So, this was a piece you picked from early in the book.

For a long time he had been aware of a growing scream that was within him and outside him, continued Anna’s brother. He tried to contain that scream, it made him stutter, but it kept insisting.The world grew daily hotter and smokier and nightly noisier: more construction noise more insects disappearing, more road noise more fish stocks collapsing, more news noise more frogs and snakes dying out, more brexitrump climatecoal more and more, more and more fucking tourists everywhere, even here in Tasmania even here at the end of the world, well they were queueing at the top of Everest what could you expect?—more jackhammers more reversing trucks and falling and rising cherry pickers b-b-beeping, more tourist coaches clogging small streets more rolling suitcases click-clack-clacking in the street more Winifuckingbagos more airbnfuckingbs more locals sleeping in tents all around the city until even his dreams filled with a nightmare of noise movement growth that seemed to benefit no one and only grew things that left people unsettled unhappy that made people poorer; an ever greater panic expressed as move- ment, a fear of stillness, tourism that was meant to save the island had become the very opposite, tourists even shat in the front yards of locals what the fuck was that saying? They’re pulling poor fucking penguins out of their holes holding them up for selfies to Instagram, who were these people? They came in budget flights they came in cruise liners—every year larger, louder and more childish death stars betopped with ever bigger water slides bungee jumps and video screens pushing out just beneath their haze of bunker fuel smoke forced hap-hap-happy, says Tommy. Far-far-fucking peniten- tiaries f-f-faking fun floating over Hobart looks like Noddytown does everyone want to be seven?

Yes no maybe.

ASTRID: Thank you, Richard. One of the things that strikes me about that paragraph is it feels like it is that scream, that internal scream. It references what is happening to our world but also our interior lives that are sometimes difficult to fathom these days.
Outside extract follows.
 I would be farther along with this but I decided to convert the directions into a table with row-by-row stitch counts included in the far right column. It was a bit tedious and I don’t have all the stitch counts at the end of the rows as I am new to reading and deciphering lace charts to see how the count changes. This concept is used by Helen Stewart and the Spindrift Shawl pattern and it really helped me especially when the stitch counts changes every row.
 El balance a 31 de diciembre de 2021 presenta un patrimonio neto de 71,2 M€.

Richard, I've been asking writers of both fiction and non-fiction how we can write about the climate crisis. Now, there's obviously no singular answer to that question, nor should there be, but while I was reading The Living Sea of Waking Dreams – which is a work that encompasses far more than the climate crisis – I felt that you had given me a demonstration of how we can write about it in everything that we do, everything that we write and everything that we read.

You are, of course, known for your environmental activism. One of the things that struck me later on in this book, your use of the word solastalgia, which I've come across before in my non-fiction reading, but I felt that you'd written it into Australian literature. It gives me great hope that you have done that. I hope everybody learns that word and it maybe helps them put a name to what they're feeling. It's the existential distress caused by climate change and our changing world.
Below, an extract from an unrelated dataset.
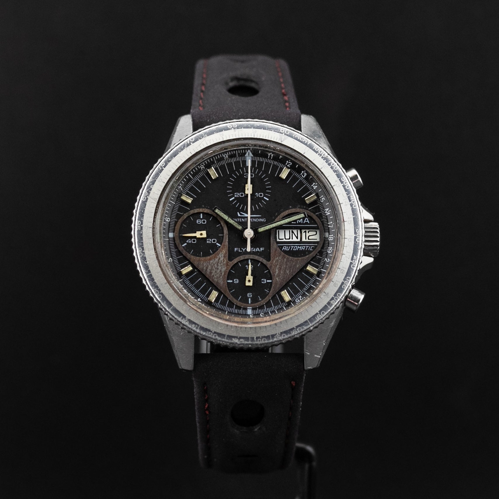 L'Atelier du Temps a le plaisir de vous présenter cette superbe Yéma Flygraf cadran anthracite équipé d'un Valjoux 7750, dans un parfait état d'origine.

When you are writing, I know that you said the story found you and you go with the mystery of story, but you know people read your words and you will have an understanding of what you're known for. How do you choose what you end up sharing? Before you hit send and give it to your publisher, do you ever think about what you want other people to be reading?

RICHARD: Well, there's several things in your question. Writing is a strange combination of inspired mystery, of high inspiration and low coming. There is a great crafting to any good novel and that's a series of an almost infinite number of practical choices that are down to the placement or otherwise of a period, the paragraph breaks, the tone, changes of tone. Novels are essentially musical in composition, which means the architecture of them has to be very intricate or they don't work. So, I don't want to pretend that it just rolls out strangely and that you write as some idiot savant. That's not so. But to deny also the possibility of what used to be called fancy, of just making it up, is to deny the power of art itself, which is always about invention and creation. The novel always has to be novel and in a constant state of reinvention. With each book I try and do something completely different. I try and smash apart everything I've done in the last book and seek a new style, a new technique, a new tone to express different truths and to express them as honestly as I can.
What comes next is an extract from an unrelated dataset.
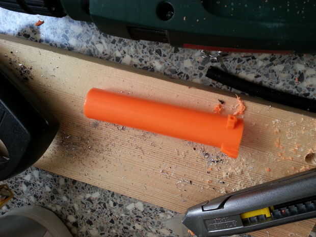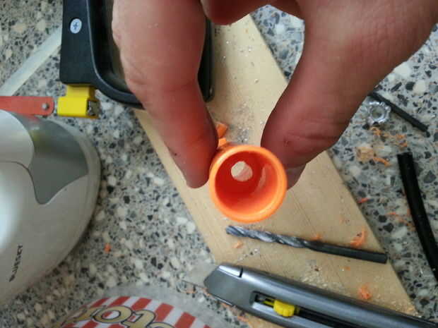 hacer un agujero de aspecto agradable (no como el mío en la fotografía, que fue mi primer hoyo en esta nerf y utilicé brocas de metal en vez de madera) de 10 mm por el interior pared. esta parte debe parecerse casi un cilindro simple ahora.

How do I choose what I send? It has to be something that pleases me. I mean, you'll meet writers who speak of their markets or their readers, but it seems to be an enormous vanity to pretend to know what even one other person likes. I scarcely know. It's hard enough for me to know what I think is okay. I just try and write the sort of books I'd like to read and that's the only way I can judge it.

You mentioned the word solastalgia. It's an interesting word because, actually, as I understand it, it was invented by an Australian. I should know their name, but I don't. I think it was an Australian philosopher and they invented it to describe the very real sense of loss that people felt around landscapes where they'd grown up or lived that were subject to vast mining operations. That was originally used for that, but it's come to mean that strange sense of loss that's also, to some extent, a loss of personal identity that goes with this loss of the natural world. So, I think it's more than a word. It's a useful way of thinking about what's happening to us and the disorientation so much of us feel in the world at the moment where we're at once losing so much and at the same time pretending that we're only progressing and going to a better place. Whereas, in fact, there is a strange regression and an increasing absence of things and the very things that we need to sustain us.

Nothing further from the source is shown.